Goal of the exercise: From the entries below, return exactly the lines beginning at the one that contains "Myytävän sängyn jousitus" and ending at the one that contains "幹となる部分は灰色〜黒色で枝", both of them included, and only those lines.

Records for this exercise:
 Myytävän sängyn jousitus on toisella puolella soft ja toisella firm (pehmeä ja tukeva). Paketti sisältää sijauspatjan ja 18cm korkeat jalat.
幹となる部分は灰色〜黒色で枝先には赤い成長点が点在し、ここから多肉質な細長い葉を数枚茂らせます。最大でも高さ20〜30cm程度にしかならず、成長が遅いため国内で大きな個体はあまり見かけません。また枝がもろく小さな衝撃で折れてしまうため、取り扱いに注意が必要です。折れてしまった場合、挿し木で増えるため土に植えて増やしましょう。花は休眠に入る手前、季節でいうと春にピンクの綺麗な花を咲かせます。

* * *

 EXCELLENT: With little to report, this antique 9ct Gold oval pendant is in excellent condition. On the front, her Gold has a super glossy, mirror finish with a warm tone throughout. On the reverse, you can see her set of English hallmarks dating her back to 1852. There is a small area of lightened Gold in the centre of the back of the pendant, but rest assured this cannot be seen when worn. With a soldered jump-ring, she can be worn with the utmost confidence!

Reply to the task:
 Myytävän sängyn jousitus on toisella puolella soft ja toisella firm (pehmeä ja tukeva). Paketti sisältää sijauspatjan ja 18cm korkeat jalat.
幹となる部分は灰色〜黒色で枝先には赤い成長点が点在し、ここから多肉質な細長い葉を数枚茂らせます。最大でも高さ20〜30cm程度にしかならず、成長が遅いため国内で大きな個体はあまり見かけません。また枝がもろく小さな衝撃で折れてしまうため、取り扱いに注意が必要です。折れてしまった場合、挿し木で増えるため土に植えて増やしましょう。花は休眠に入る手前、季節でいうと春にピンクの綺麗な花を咲かせます。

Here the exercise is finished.